Well—she had, but that was before she realized it was Sébastien Barret climbing through her damn window.

What did one do with an uninvited, and now unconscious, visitor? Tie him up? Yes, probably. Calling the police would also be a reasonable response, but Rei wasn't sure she wanted to be found yet.

However, tying him up would be a good start, a sign that she was serious and not to be trifled with.

Rei didn't have any rope on hand, though. The best she could manage was pulling the laces out of her gym shoes. Just as well. She hadn't exactly gone running during her self-inflicted exile.

The next step was more awkward. She knew him. Rei wished she didn't. It would've been much easier to ruthlessly tie up a stranger. Yes, he broke into her apartment and all that, but it still felt intrusive to touch him, like she wanted permission.

There were two things wrong with that: a, she rather doubted he'd grant her permission to tie him up and b, she'd knocked him unconscious and he was rather incapable of giving permission.
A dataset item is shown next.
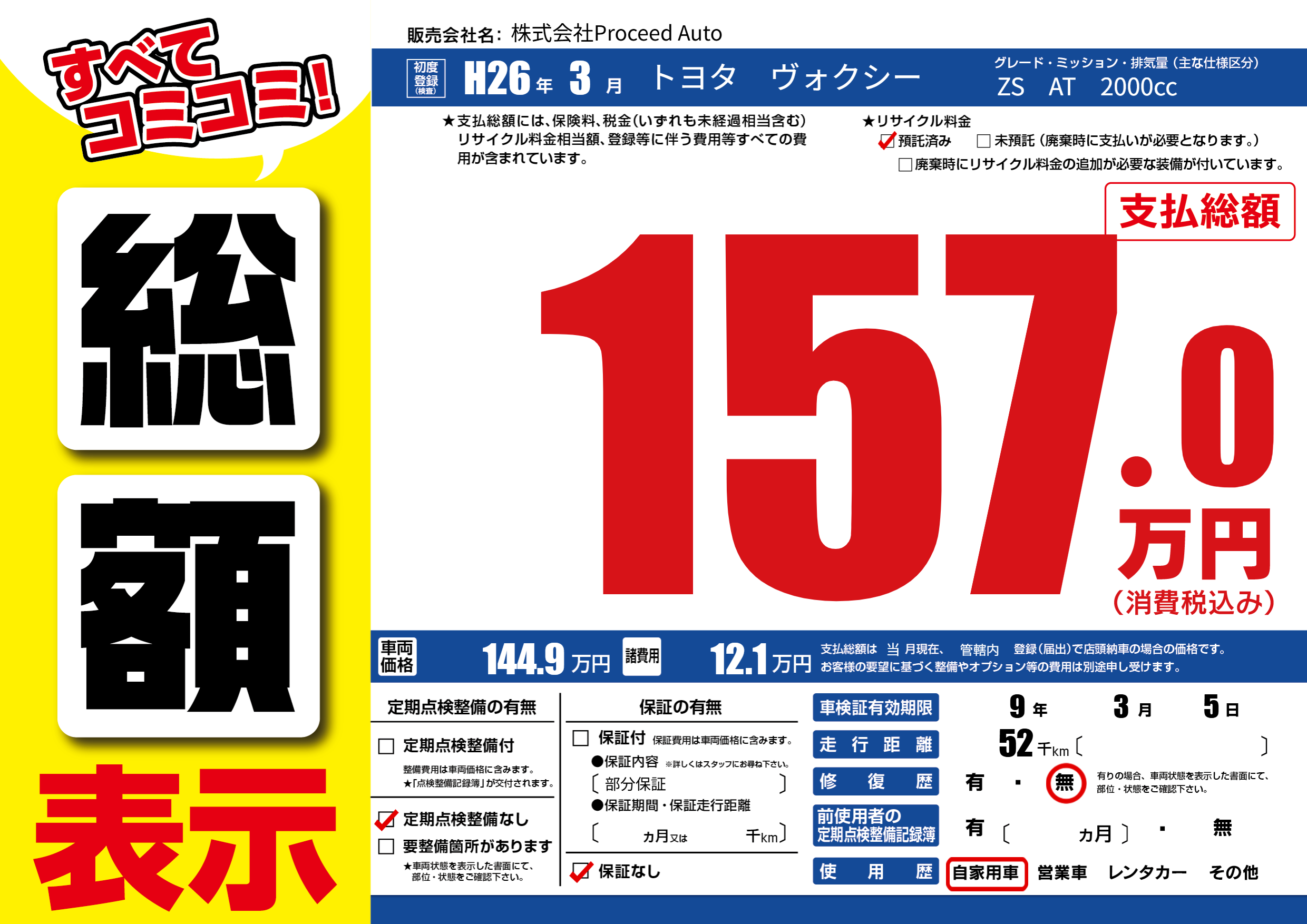 なし | 車検制限 | 9年3月5月 |

After too much deliberation, Rei just got on with it and gingerly shifted Sébastien.

Hell.

Rei hadn't expected the bicep she found. Thank God she knocked him out and he wasn't witnessing her flounder. She held her breath and didn't breathe again until she'd securely tied his wrists together, positioning him into a sort of sitting position against the wall instead of the window.

Now what?

Rei got to her feet to pace. Did she find some way to get him to come to? Throw some cold water on him? Wait? Watching too many action movies growing up had led Rei to believe she would have a lot more fist fights over archaeological digs and yet, Rei had zero practice interrogating anyone. It turned out in the real present day, the biggest obstacles between her and digs were funding, visas, and bureaucracy.

She took a pillow from the sofa and sat cross-legged in front of Sébastien.

He disappeared mid-semester while she was still an undergrad only to turn up out of the blue in her secret apartment, dressed suspiciously covertly for the occasion.

She understood him even less than she had in university. By the time they shared a classroom, Rei already naïvely thought herself Dr. Monroe's favorite. She was smug and smart and too eager to please.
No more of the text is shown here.